Pride was better; Pride was number one in the world. So I think that it’s criticism of the organizers -- it’s not a criticism of the fighters. They’re worthy sportsmen. Good fighters. It’s a criticism of the organizers, of the promoters. They take everything and just wreck it. Instead they should be strengthening everything, making everything stronger, stronger and stronger. But people are leaving them.

Instead they now have very serious, very worthy competition in the world. And not that much time will go by before things change.

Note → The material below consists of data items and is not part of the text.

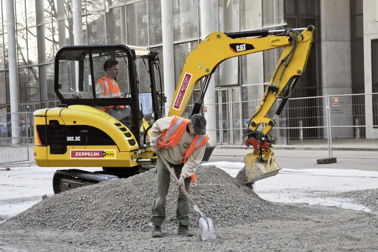 Und so rollten Ende des vergangenen Jahres unter anderem ein Minibagger 302.5 C, die Radlader CAT 906 H und Kramer 280, ein Teleskopstapler Merlo 38.16 ROTO sowie über 200 Meter Bauzaun inklusive Torflügeln aus dem Mietpark von Zeppelin Rental an. Die beauftragte Paradiesfabrik GmbH, ein Garten- und Landschaftsbauunternehmen mit Sitz in Berlin, musste zunächst auf einer Fläche von über 600 Quadratmetern das Fundament für das Provisorium schaffen, auf das anschließend die Bodenplatten gegossen wurden.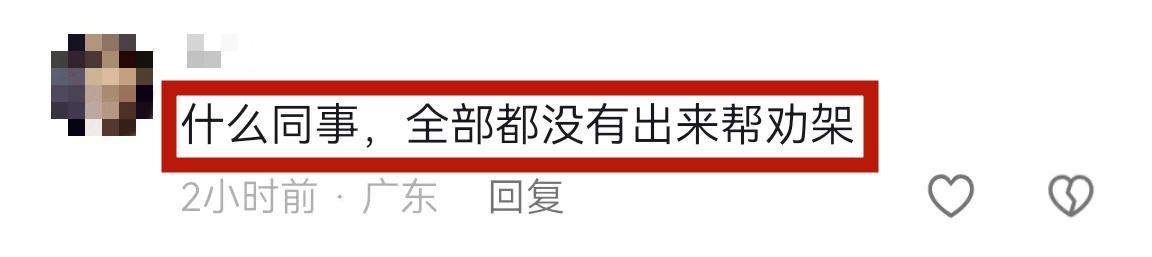 有網友吐槽灰衣女子的同事冷漠,質疑他們看着自己的同事被打,爲什麼不上前幫忙,而只是傻傻的看着。甚至有網友吐槽灰衣女子的男同事沒有血性,沒有男子氣概。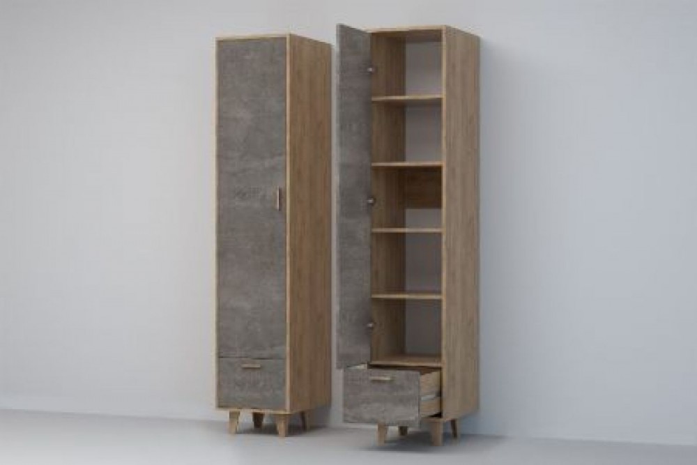 Эго П-1 Пенал с 1дв. 1 ящ (дуб крафт золотой/камень темный) на ножках
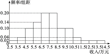 为了解某地农村经济情况,对该地农户家庭年收入进行抽样调查,将农户家庭年收入的调查数据整理得到如下频率分布直方图: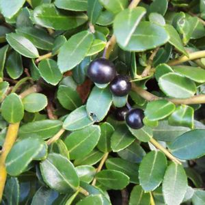 ★ 食べて遠くへ運んでシリーズ イヌツゲ 犬黄楊 モチノキ科 モチノキ属の常緑樹 雌雄異株 こちらもモチノキ属の お仲間です。赤い実が主流の モチノキ科ですが 珍しく コレは 黒い実なんです。 お正月 夫の実家で 過ごしました。今まで 気に留めなかった 庭木の事を 知りたくなって 聞いてみました。 「おかーさん、お勝手口の所に植えてある 丸く剪定している 木は なーに?」 「ツゲや。 門塀の上にも 並んどるやろ 庭にも あろう。じぃちゃんが 丸く剪定しとったは 全部 ツゲや」 へ~ ツゲなんだ。 帰宅して ツゲの特徴って どんなんだろうって 調べてみたら … アレレ?!?! おかーさん 違うじゃん コレは イヌツゲ けらケラけら とてもよく似た樹木ですが、まず、お仲間じゃない! ツゲは ツゲ科ツゲ属、 イヌツゲはモチノキ科モチノキ属 はて? どうしたものか。 おかーさんに 真実を 伝えるべきか、黙って ツゲだと 思わせておくべきか。 ぷぷぷ 撮影 2020年 1/2 スマホ撮影 ※ 追記 ターちゃんさんが お花の写真を 持ってらっしゃると お聞きして、ぜひ投稿してと、お願いしました。 みなさーん お花もご覧下さい!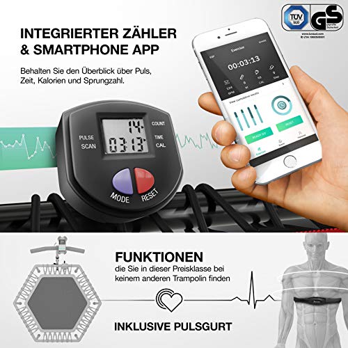 ✅ 𝗦𝗠𝗔𝗥𝗧𝗘 𝗙𝗜𝗧𝗡𝗘𝗦𝗦: Unser Fitness-Trampolin ist App-kompatibel und besitzt einen Smartphone- und Trinkflaschenhalter. Das Gymnastiktrampolin hat eine Konsole, die u.a. Ihre Sprünge zählt. Das Beste daran: Einen Pulsgurt liefern wir Ihnen gleich mit! So trainieren Sie jederzeit im optimalen Herzfrequenzbereich und bringen Ihre Fitness easy auf ein neues Level.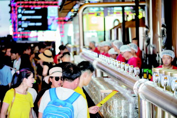 “我们在进行大篷建设的时候就采用了先进的设计理念和高标准的装修水平,为我们全年的经营打好基础。”杨世珉介绍,大篷拥有坐落在青西金啤体验馆内的精酿加工厂做后盾,游客一年四季来啤酒城都可以喝到新鲜的精酿。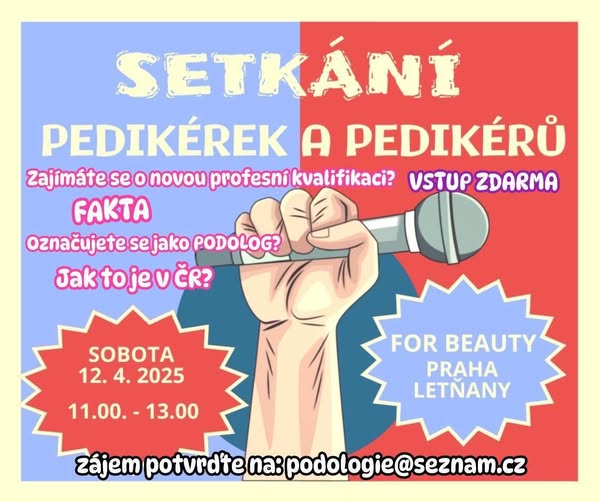 přijďte na kosmetický veletrh FOR BEAUTY, který se koná ve dnech 11. a 12. dubna na výstavišti PVA EXPO PRAHA v Letňanech. Česká podologická společnost se ho tradičně účastní, tak za námi přijďte k našemu stánku.Současně bych Vás chtěl srdečně pozvat na takové setkání pedikérek a pedikérů, které pořádám druhý den veletrhu, tzn. v sobotu 12. dubna, a to od 11 do 13 hodin v konferenčním sále 1, vstupní hala II.Tématem tohoto setkání jsou FAKTA a NE MÝTY J o vznikající profesní kvalifikaci Pedikér se specializací v podologii, o kterých budu mluvit jako navrhovatel kvalifikace a vedoucí pracovní skupiny pro její tvorbu. Hostem bude prof. Petr Arenberger, předseda České dermatovenerologické společnosti a taktéž člen pracovní skupiny.Setkání je určeno výhradně pedikérkám a pedikérům, vstup je ZDARMA a bez ohledu na příslušnost k profesním spolkům. #podolog #podologia #pedicure #pedikura #podology #podologie (fb)

****Aleks is thinking the same things that Hardcore Fans is thinking, Im not surprised that he's thinking that way*****


http://www.sherdog.com/news/article...-Story-of-Aleksander-Emelianenko-Part-2-13709


----------



## Toxic (Mar 1, 2007)

I hate when people say that the UFC was #2 to Pride, if the UFC's puchase of Pride showed us anything it was that the UFC and Pride were equals, some Pride guys came over and beat UFC guys, some UFC guys beat PRide guys, the playing fields were equal, the UFC was not #2 and neither was Pride.


----------



## crispsteez (Jul 1, 2008)

wow he killed a bear. i guess that portion of the article had the biggest impression on me.


----------



## xeberus (Apr 23, 2007)

I love aleks.

The cold eyes of someone who would murder you violently, reach into your pocket and take a single cigarette from the pack simply because he didn't feel like asking.


----------



## wukkadb (Jan 1, 2007)

Toxic said:


> I hate when people say that the UFC was #2 to Pride, if the UFC's puchase of Pride showed us anything it was that the UFC and Pride were equals, some Pride guys came over and beat UFC guys, some UFC guys beat PRide guys, the playing fields were equal, the UFC was not #2 and neither was Pride.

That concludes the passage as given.